Orchestrate End to End flow of Extracting JIRA issues with custom fields using Python and loading them to Hive using Shell Script.

Requirements:

Python Modules:

jira

pandas

 

Process:

jira python module extracts using JIRA REST API , for more information please see (https://pypi.org/project/jira/) .

Pandas Modules is used to convert the list to data frame and write to CSV files with specified delimiter which can be used to load to hive table.

CODE:

 

from jira import JIRA

import pandas as pd

 

#Specify your company base_url for JIRA Board

URL=https://xxx.jira.com’

 

#authenticate JIRA using basic authentication Username and Password

jira = JIRA(server=URL,basic_auth=(username’,’password))

 

#PULL all the aviable issues in JIRA for the project specified.

blockSize=1000

blockNo=0

#initialize the list for adding the issues

jiraIssues=[]

while True:

    startIDX=blockNo*blockSize

    projectAllTkts=jira.search_issues('project=<project_code>',startIDX,blockSize)
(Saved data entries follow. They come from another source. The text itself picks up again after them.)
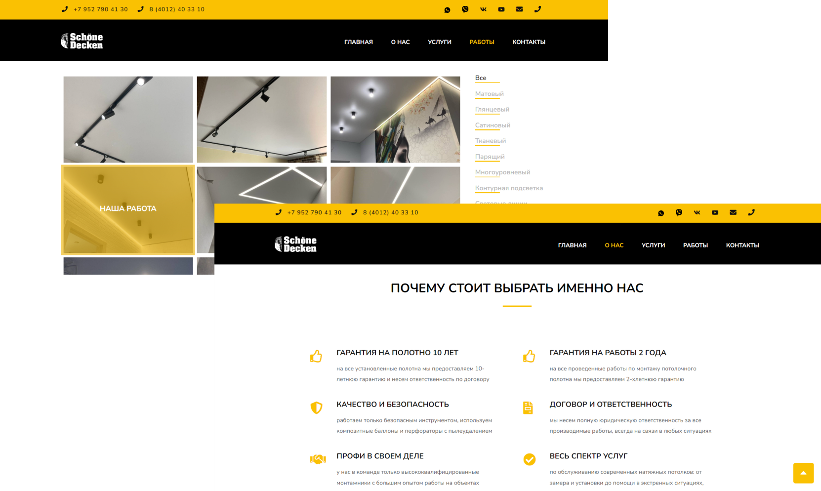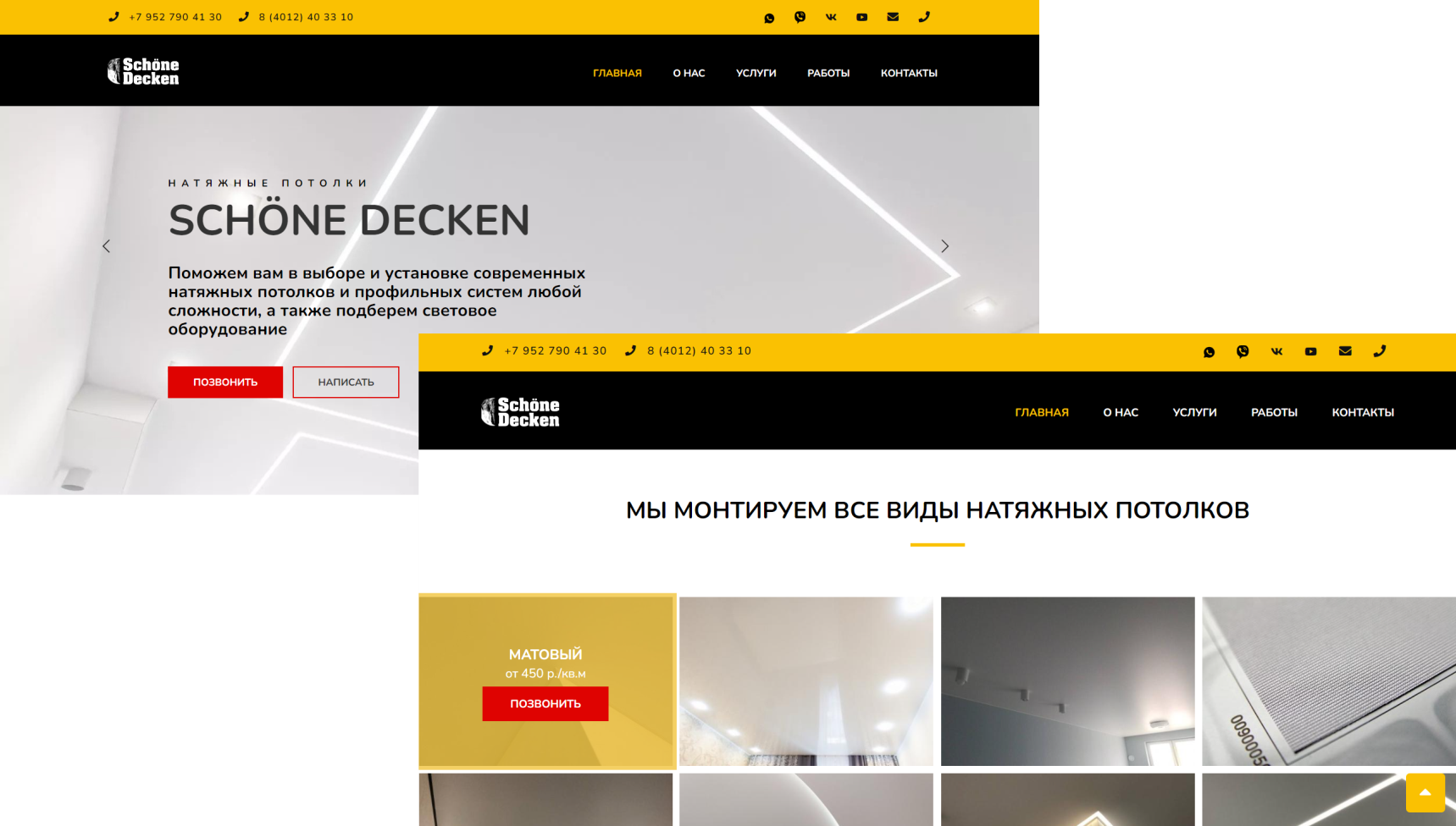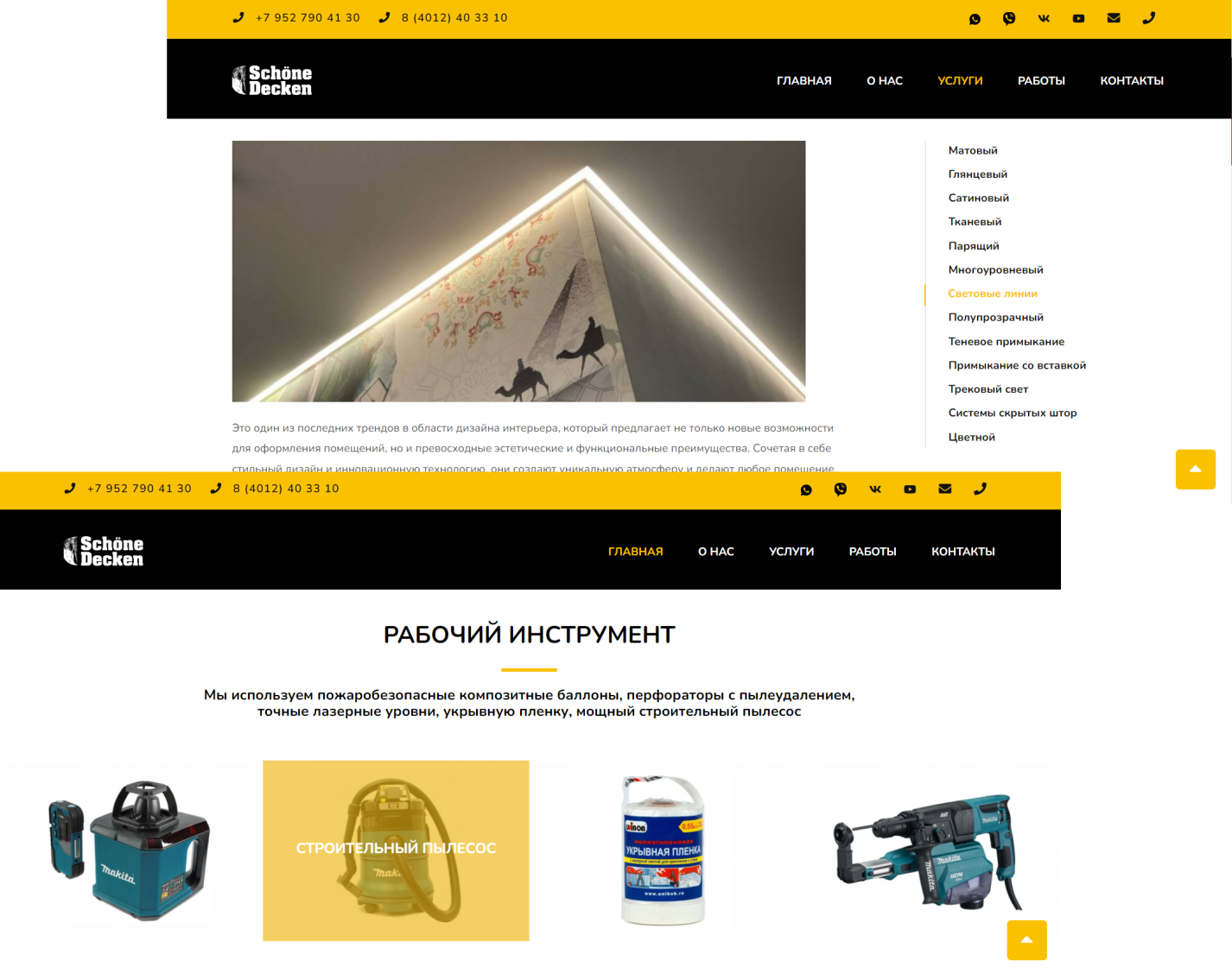 Работы в конце того года было, прямо скажем, много!.. Наконец-то появилось немного времени, так что начинаем потихоньку выкладывать наши новые проекты. Итак, погнали: многостраничный сайт с прицелом на seo для компании по установке натяжных потолков и освещения в Калининграде.
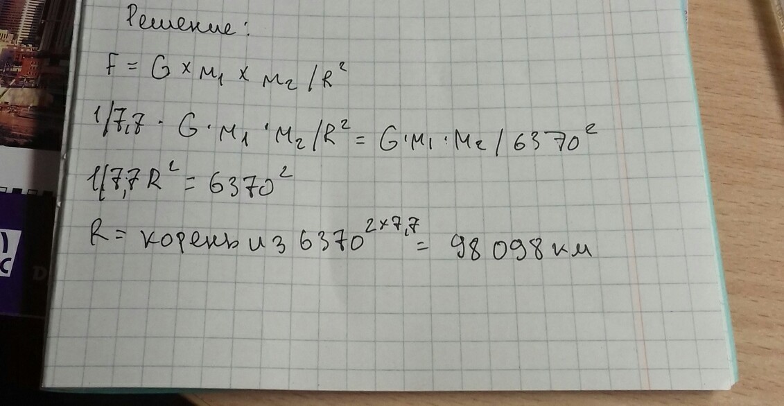 Вычислите высоту на которой гравитационная сила, действующая на тело будет в 7,7 раз меньше, чем на поверхности Земли. Радиус Земли принять равным 6370 км.
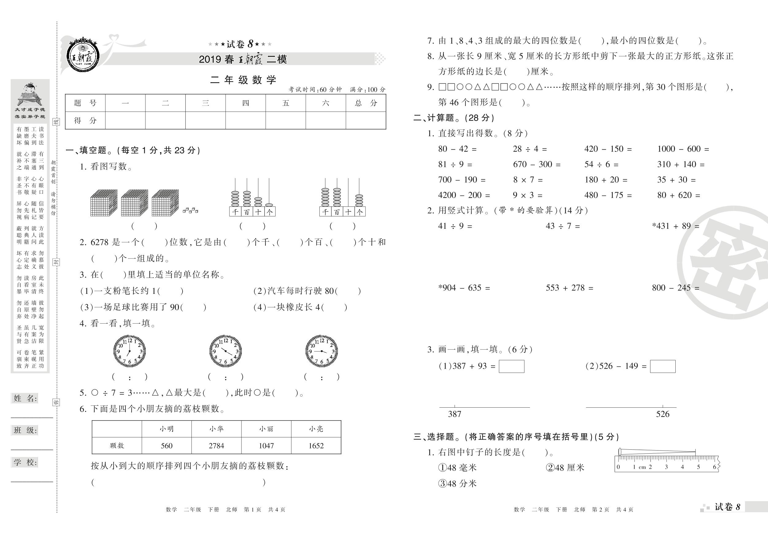 王朝霞期末模拟卷二年级下册数学(北师版)_R210803100000【8】
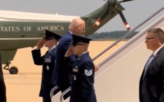 先是在登機時,拜登走得“跌跌撞撞”,他的步態不急促,可仍舊差點被絆倒,隨後他左手扶着樓梯保持住了平衡。
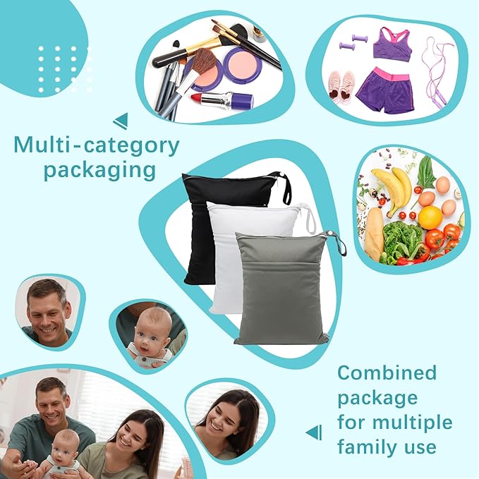 - Multi-Function: You will receive 3 pack wet bags, which size is They are perfect for preserving cloth diapers and other baby products, and they can also be used as swimsuit bags, bikini bags, bathing suit bags, travel bags, gym bags, storage bags, cosmetic bags, handbags, wash bags, organizer bags, breast pump parts bags, even as picnic bags. They are ideal for baby shower gift, get yours today!
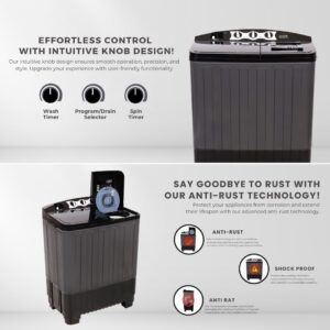 • MODERN SLEEK DESIGN - Simple and intuitive knob control panel allows easy wash setting selection. Its compact design fits neatly into any corner of your home, while being lightweight and easy to move. Perfect for small apartments, hostels, and space-saving laundry setups.
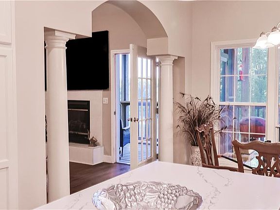 Experience lakefront living at its finest with this beautifully updated home set on a spacious .94-acre lot offering direct lake frontage and private lake access. Enjoy breathtaking views and year-round recreation with your own fishing dock and swim platform—perfect for relaxing days on the water. Step inside to a meticulously upgraded interior featuring a stunning kitchen with elegant quartz countertops, a stylish matching quartz backsplash, and all new stainless steel appliances—ideal for both everyday living and entertaining. Both main floor bathrooms have been thoughtfully remodeled with luxurious new showers, modern vanities topped with Onyx countertops, and sleek new faucets for a spa-like retreat. Additional highlights include plush new carpet in the second and third bedrooms, plantation shutters for timeless style, and a freshly painted main floor that feels bright and inviting. The large back deck, now partially screened in, is perfect for enjoying the outdoors in comfort. Downstairs, electric blinds in the unfinished basement add convenience and privacy, while a new front storm door completes the many recent upgrades. This exceptional property combines modern finishes, thoughtful updates, and unbeatable lake access—making it the perfect place to call home.
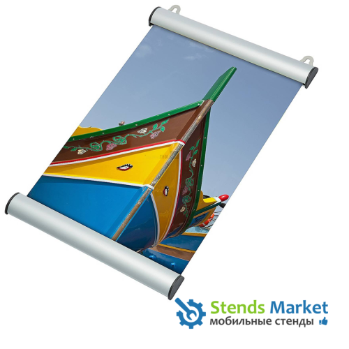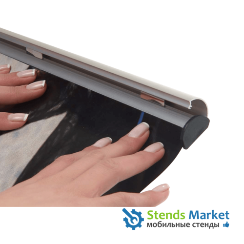 Комплект зажимов состоит из верхней и нижней планки. Верхняя планка оснащена двумя креплениями, позволяющими прикрепить ее на стене, к потолку или верхней части проемов. Нижняя планка работает как утяжелитель, натягивая постер и предотвращая скручивание его нижнего края.
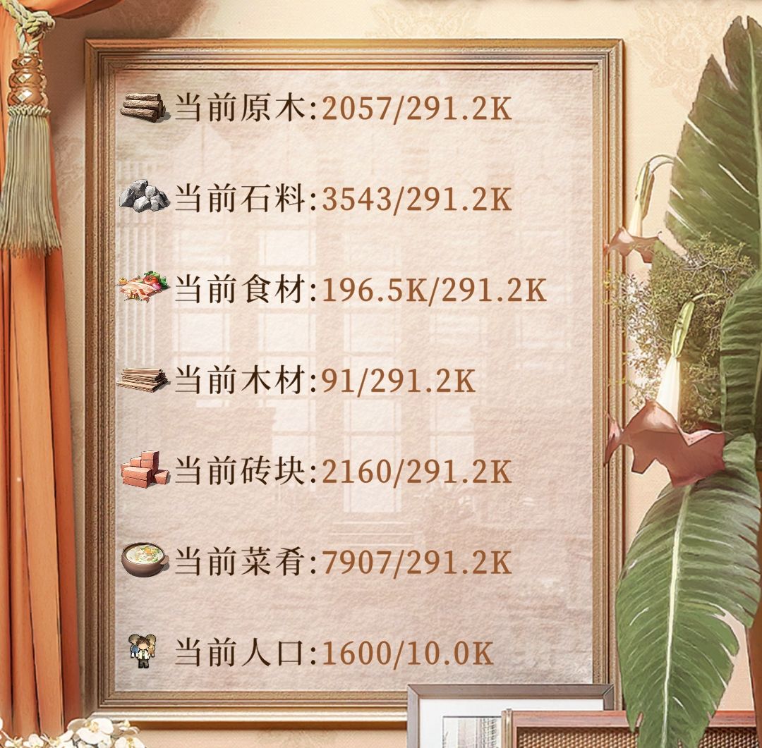 因为铺地皮不需要食材,升级需要少量食材,这个资源够用就行
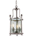 With traditional styling and modern application this three light mini-chandelier is as versatile as it is stunning. Glass panels form the circular cage that is suspended from swooping arms, which are finished in brushed nickel.

    if len(projectAllTkts) == 0:

        break

       

    blockNo +=1

    for tkt in projectAllTkts:

        jiraIssues.append(tkt)

 

#to display the count of issues extracted

print(len(jiraIssues)

 

tktsDF=pd.DataFrame()

 

for tkt in jiraIssues:

    #specify dictionary to extract required fields from JIRA board

    fieldsDict={

    'PROJECT_CODE': tkt.fields.project.key,    #4 CHARS Project Code in Key

    'JIRA_TKT': tkt.key,                       #4 CHARS PROJECT CODE + NUMBER 

    'ISSUE_TYPE': tkt.fields.issuetype.name,  #Bug,Story etc

    'ASSIGNEE': tkt.fields.assignee,

    'CREATOR': tkt.fields.creator,

    'CREATION_DATE': tkt.fields.created,

    'REPORTER': tkt.fields.reporter,

    'SUMMARY': tkt.fields.summary,

    'PRIORITY': tkt.fields.priority.name,

    'STATUS': tkt.fields.status.name,

    'LAST_UPDATED_DATE': tkt.fields.updated

    }

   

    tktsDF=tkts.append(fieldsDict,ignore_index=True)

   

 

#use Columns to organize in required order if needed

#colORDER=['CREATED_DATE','PROJECT_CODE','JIRA_TKT','ISSUE_TYPE','STATUS','PRIORITY','CREATOR','REPORTER','ASSIGNEE','SUMMARY','LAST_UPDATED_DATE']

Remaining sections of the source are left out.